WORK TO BE COMPLETED => Return the data exactly, apart from leaving out the pictures.

SOURCE DATA section start

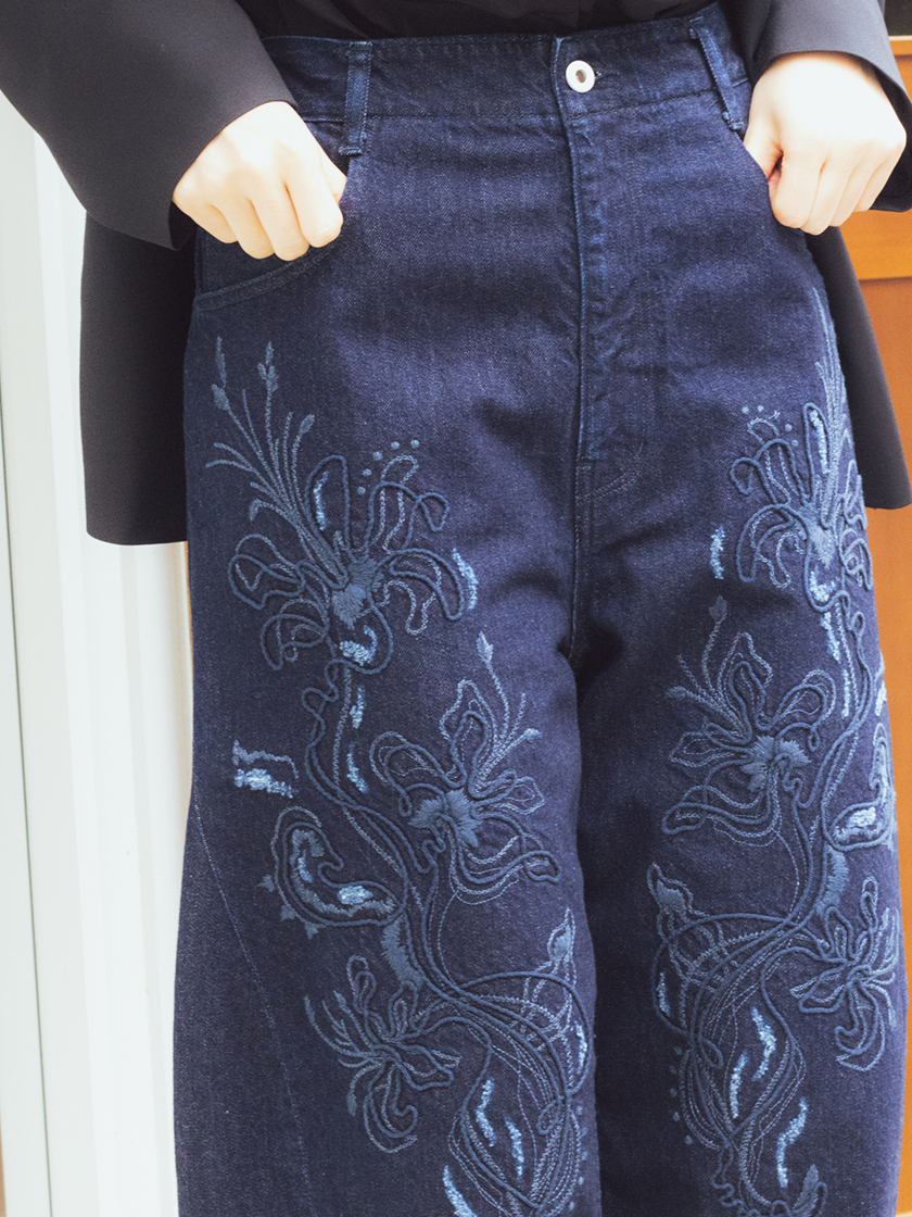 「ミューラル」 2026春夏コレクションから、ブランドを象徴する存在感を放つ刺しゅうデニムが登場。 児島の職人技によって仕上げられた刺しゅうは、デニムに自然に溶け込みながらも確かな存在感を放ちます。 印象的なデザインがスタイリングにアクセントを加え、カジュアルな中にも洗練された佇まいを叶える主役級の一本です。
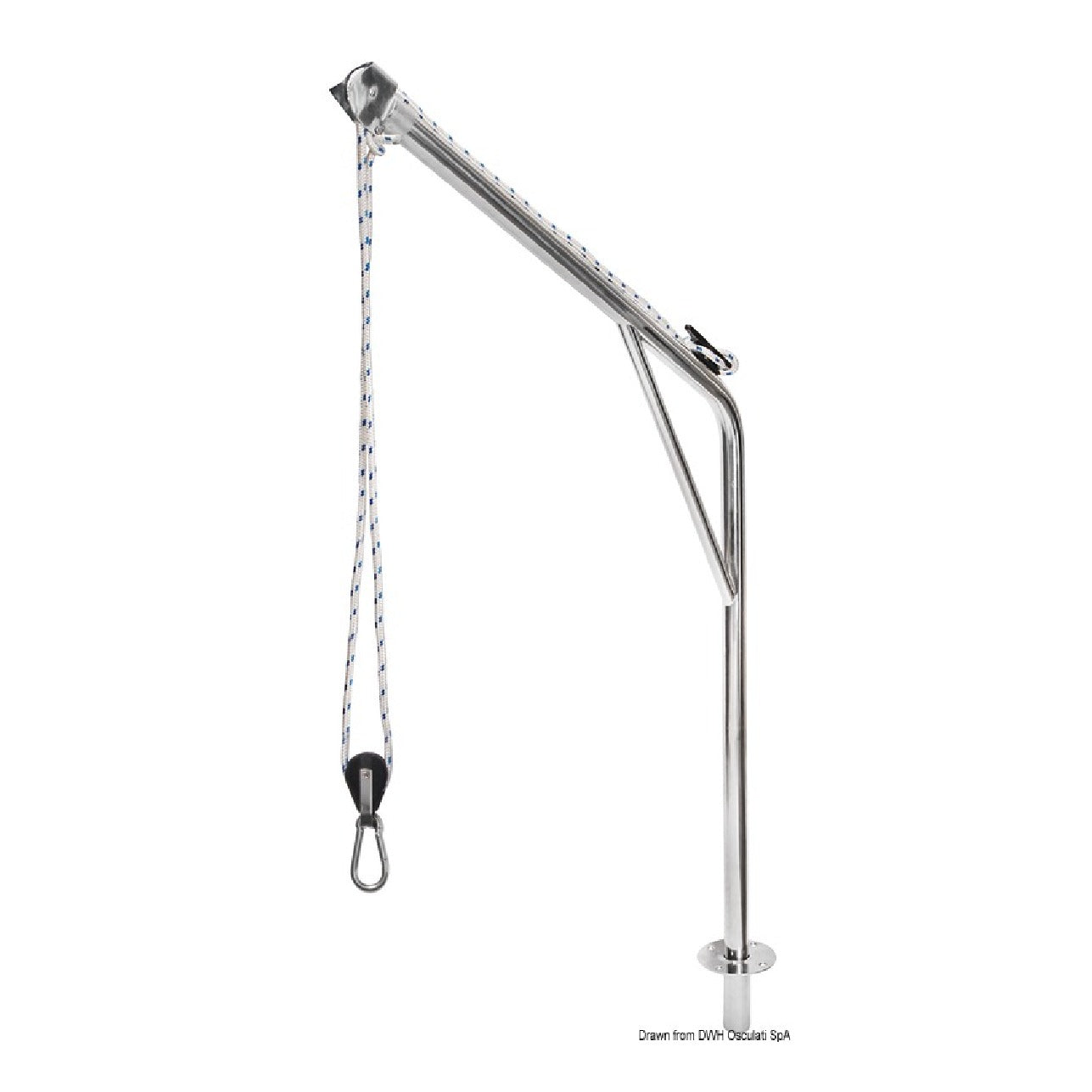Stainless steel davit. Suitable for lifting tenders (in pairs) or for lifting outboard motors. Complete with recessed stainless steel bushing, return pulley, and nylon line. Capacity: 120 kg per pair, tube diameter: 40 mm.
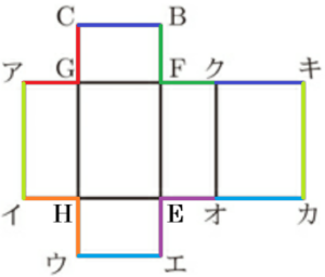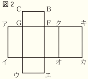(1) 図2の展開図を組み立てたとき,点 \( C \) と重なる点をア~クからすべて選び,その符号を書きなさい。
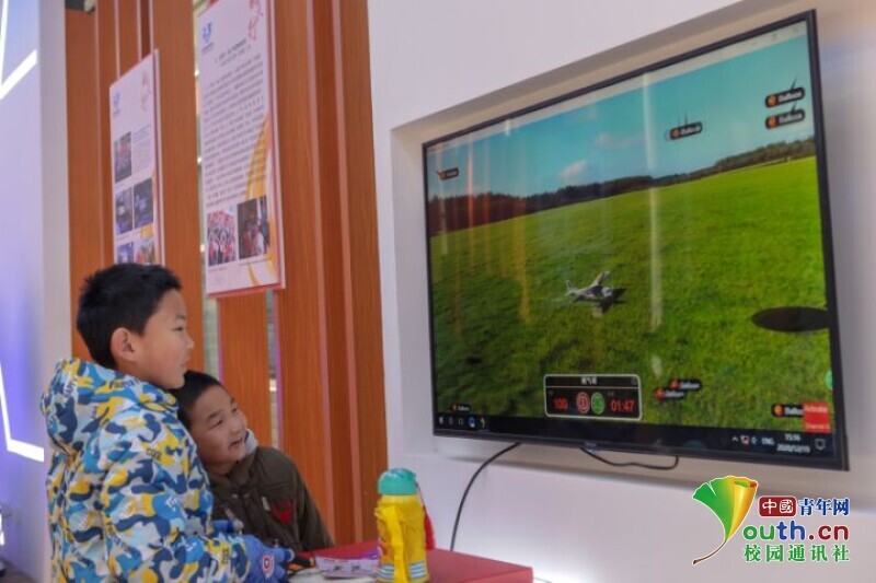 图为小学的学生体验模拟飞行。中国青年网通讯员 罗聘宇 摄

SOURCE DATA section end

ANSWER SPACE =>
 「ミューラル」 2026春夏コレクションから、ブランドを象徴する存在感を放つ刺しゅうデニムが登場。 児島の職人技によって仕上げられた刺しゅうは、デニムに自然に溶け込みながらも確かな存在感を放ちます。 印象的なデザインがスタイリングにアクセントを加え、カジュアルな中にも洗練された佇まいを叶える主役級の一本です。
Stainless steel davit. Suitable for lifting tenders (in pairs) or for lifting outboard motors. Complete with recessed stainless steel bushing, return pulley, and nylon line. Capacity: 120 kg per pair, tube diameter: 40 mm.
(1) 図2の展開図を組み立てたとき,点 \( C \) と重なる点をア~クからすべて選び,その符号を書きなさい。
 图为小学的学生体验模拟飞行。中国青年网通讯员 罗聘宇 摄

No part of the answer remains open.